Would you transcribe exactly the lines from the one containing "Absolutely. London Edge" to the last line of the data below, both ends included, but none of the pictures?

++++ Exercise inputs ++++

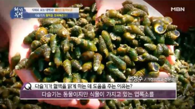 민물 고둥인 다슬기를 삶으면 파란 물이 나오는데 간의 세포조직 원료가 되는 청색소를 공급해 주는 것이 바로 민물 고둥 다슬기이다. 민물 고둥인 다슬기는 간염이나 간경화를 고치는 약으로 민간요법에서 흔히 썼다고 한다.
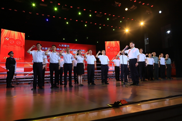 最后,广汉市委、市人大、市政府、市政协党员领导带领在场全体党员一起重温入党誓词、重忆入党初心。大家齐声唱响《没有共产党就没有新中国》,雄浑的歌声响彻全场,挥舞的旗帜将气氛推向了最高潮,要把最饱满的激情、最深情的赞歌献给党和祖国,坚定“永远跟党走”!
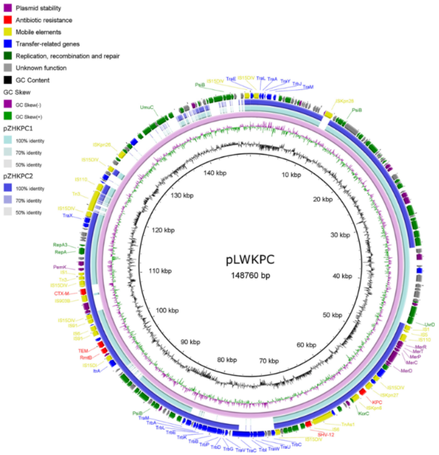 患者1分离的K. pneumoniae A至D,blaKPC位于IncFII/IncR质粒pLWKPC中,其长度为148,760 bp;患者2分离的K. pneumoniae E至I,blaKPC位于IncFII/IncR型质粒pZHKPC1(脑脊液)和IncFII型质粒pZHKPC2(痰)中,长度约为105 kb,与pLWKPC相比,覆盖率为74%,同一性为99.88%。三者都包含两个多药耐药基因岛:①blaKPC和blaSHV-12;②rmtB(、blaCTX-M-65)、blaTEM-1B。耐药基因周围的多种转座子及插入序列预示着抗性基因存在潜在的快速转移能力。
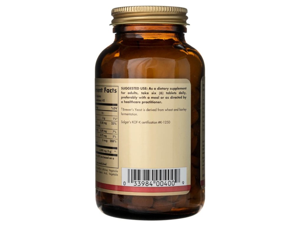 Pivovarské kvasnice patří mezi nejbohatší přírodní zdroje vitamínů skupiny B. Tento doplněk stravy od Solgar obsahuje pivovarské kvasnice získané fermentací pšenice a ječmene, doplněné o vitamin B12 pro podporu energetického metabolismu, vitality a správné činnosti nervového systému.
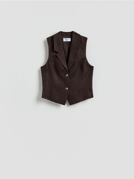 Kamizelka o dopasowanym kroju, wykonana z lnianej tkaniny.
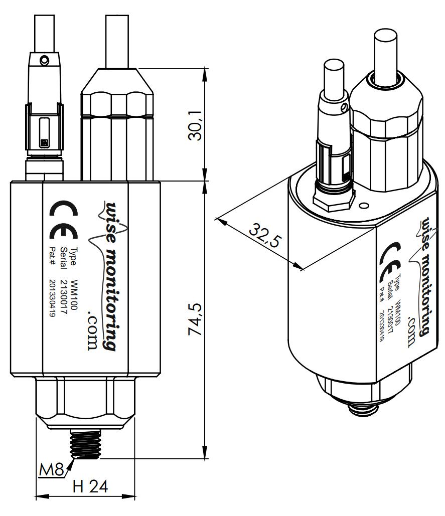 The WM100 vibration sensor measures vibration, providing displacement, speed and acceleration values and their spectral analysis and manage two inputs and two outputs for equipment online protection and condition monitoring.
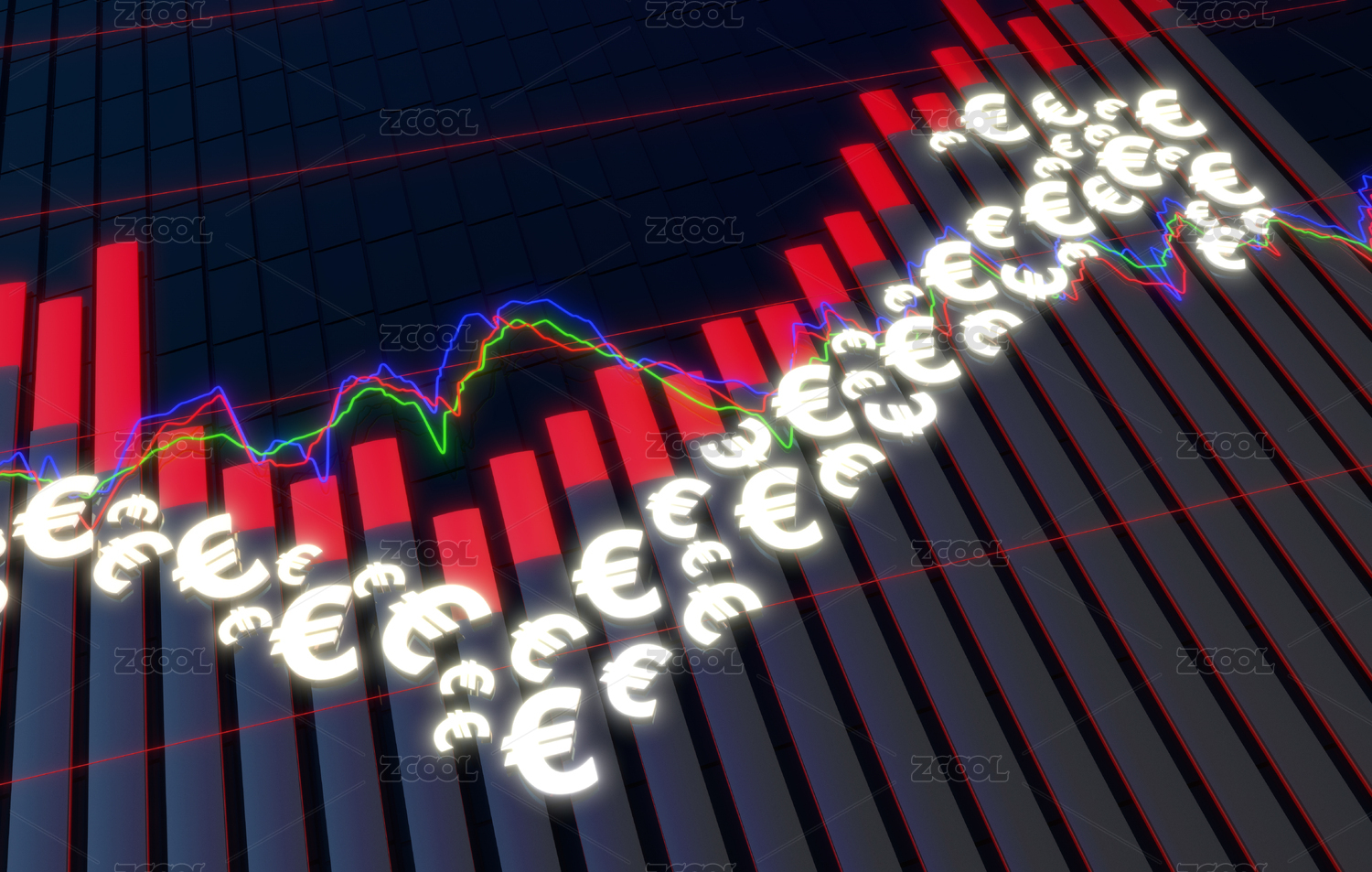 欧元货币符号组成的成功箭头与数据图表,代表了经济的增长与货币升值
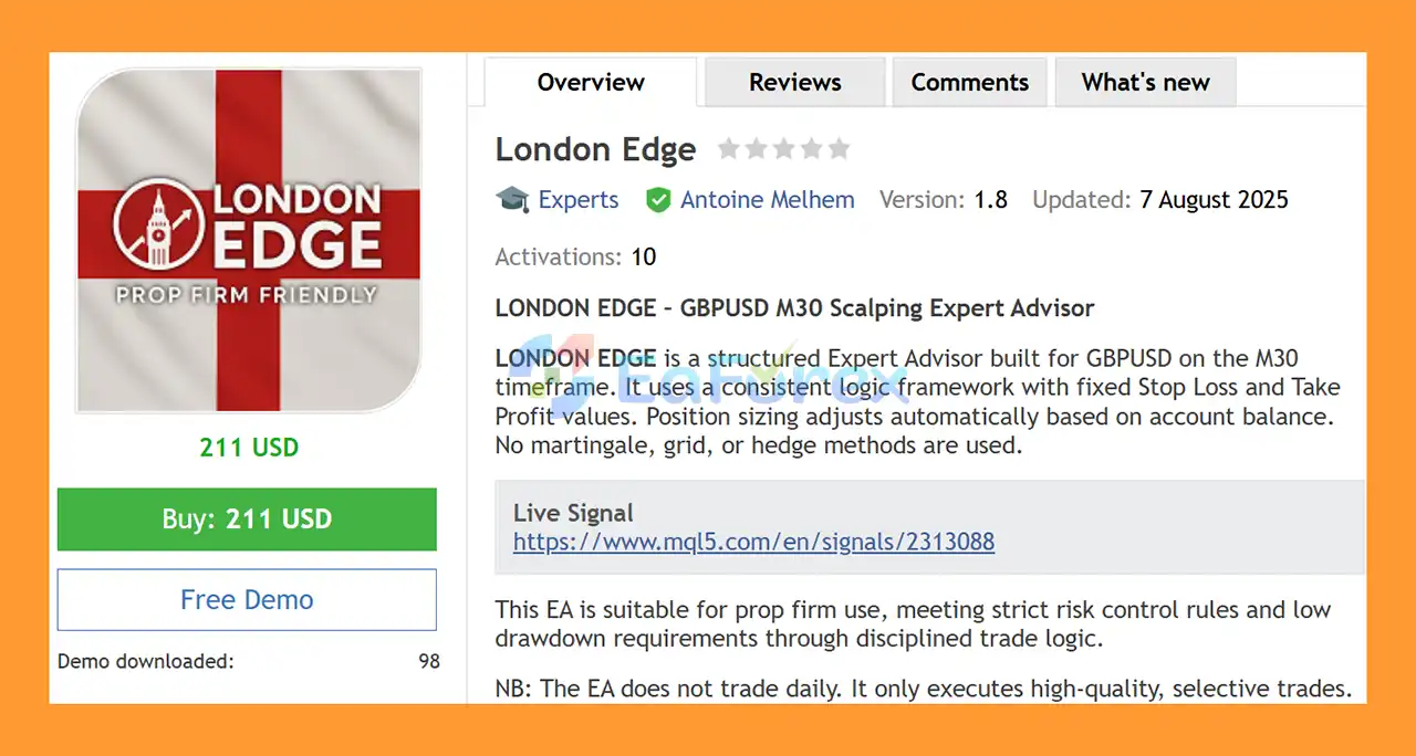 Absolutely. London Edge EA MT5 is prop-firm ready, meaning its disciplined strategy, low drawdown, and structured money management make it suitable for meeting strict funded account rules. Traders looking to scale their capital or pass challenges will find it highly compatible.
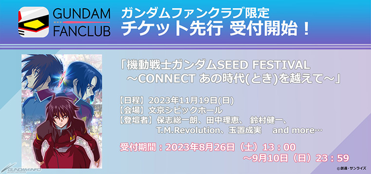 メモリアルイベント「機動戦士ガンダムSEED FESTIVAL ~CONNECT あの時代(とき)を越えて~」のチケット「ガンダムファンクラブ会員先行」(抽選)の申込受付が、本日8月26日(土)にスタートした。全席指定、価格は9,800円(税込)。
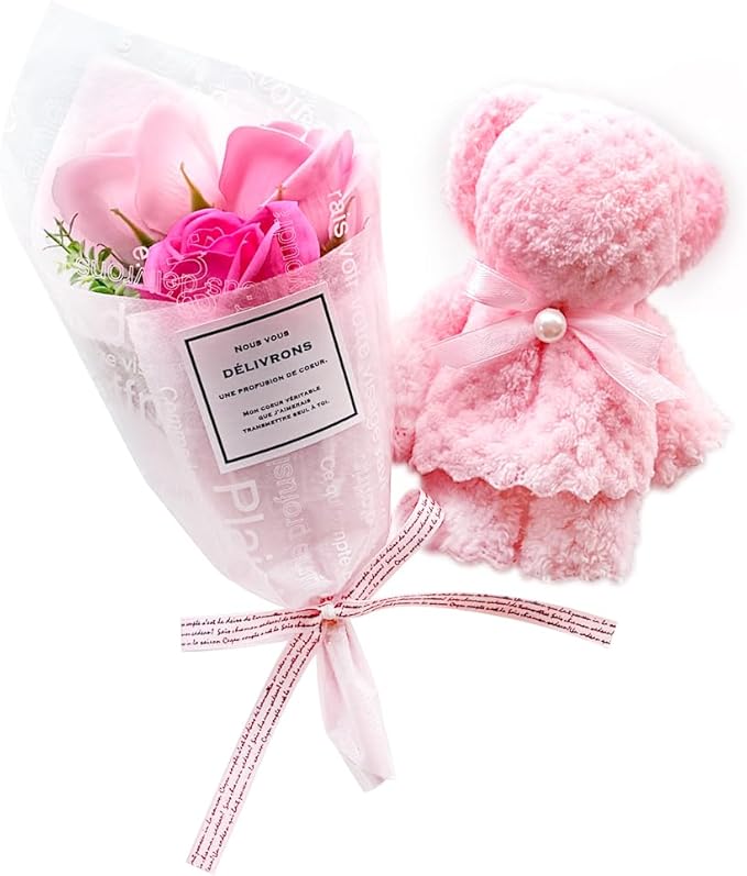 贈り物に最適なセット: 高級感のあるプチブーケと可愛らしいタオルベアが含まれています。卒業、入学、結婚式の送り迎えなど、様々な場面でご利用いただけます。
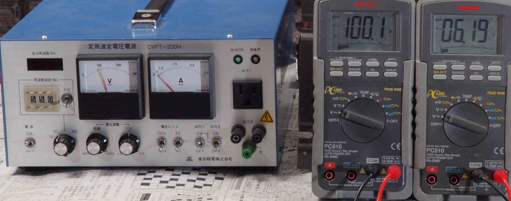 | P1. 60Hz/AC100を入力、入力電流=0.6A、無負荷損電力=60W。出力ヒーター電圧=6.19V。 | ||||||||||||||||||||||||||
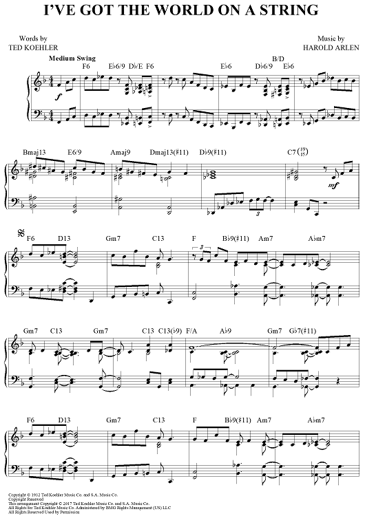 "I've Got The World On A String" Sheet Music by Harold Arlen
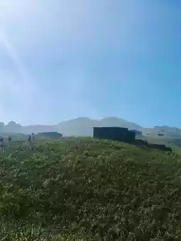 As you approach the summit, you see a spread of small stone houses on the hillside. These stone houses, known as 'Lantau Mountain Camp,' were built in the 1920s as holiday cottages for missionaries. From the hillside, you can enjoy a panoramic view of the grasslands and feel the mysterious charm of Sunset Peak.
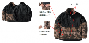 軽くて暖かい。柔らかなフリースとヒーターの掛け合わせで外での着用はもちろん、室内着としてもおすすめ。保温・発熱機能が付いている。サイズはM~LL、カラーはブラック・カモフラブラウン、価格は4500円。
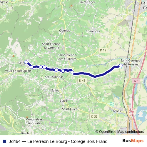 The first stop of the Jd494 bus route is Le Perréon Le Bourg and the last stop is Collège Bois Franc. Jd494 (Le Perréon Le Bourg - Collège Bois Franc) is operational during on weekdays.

++++

**Result for this task:**
 Absolutely. London Edge EA MT5 is prop-firm ready, meaning its disciplined strategy, low drawdown, and structured money management make it suitable for meeting strict funded account rules. Traders looking to scale their capital or pass challenges will find it highly compatible.
 メモリアルイベント「機動戦士ガンダムSEED FESTIVAL ~CONNECT あの時代(とき)を越えて~」のチケット「ガンダムファンクラブ会員先行」(抽選)の申込受付が、本日8月26日(土)にスタートした。全席指定、価格は9,800円(税込)。
 贈り物に最適なセット: 高級感のあるプチブーケと可愛らしいタオルベアが含まれています。卒業、入学、結婚式の送り迎えなど、様々な場面でご利用いただけます。
 | P1. 60Hz/AC100を入力、入力電流=0.6A、無負荷損電力=60W。出力ヒーター電圧=6.19V。 | ||||||||||||||||||||||||||
 "I've Got The World On A String" Sheet Music by Harold Arlen
 As you approach the summit, you see a spread of small stone houses on the hillside. These stone houses, known as 'Lantau Mountain Camp,' were built in the 1920s as holiday cottages for missionaries. From the hillside, you can enjoy a panoramic view of the grasslands and feel the mysterious charm of Sunset Peak.
 軽くて暖かい。柔らかなフリースとヒーターの掛け合わせで外での着用はもちろん、室内着としてもおすすめ。保温・発熱機能が付いている。サイズはM~LL、カラーはブラック・カモフラブラウン、価格は4500円。
 The first stop of the Jd494 bus route is Le Perréon Le Bourg and the last stop is Collège Bois Franc. Jd494 (Le Perréon Le Bourg - Collège Bois Franc) is operational during on weekdays.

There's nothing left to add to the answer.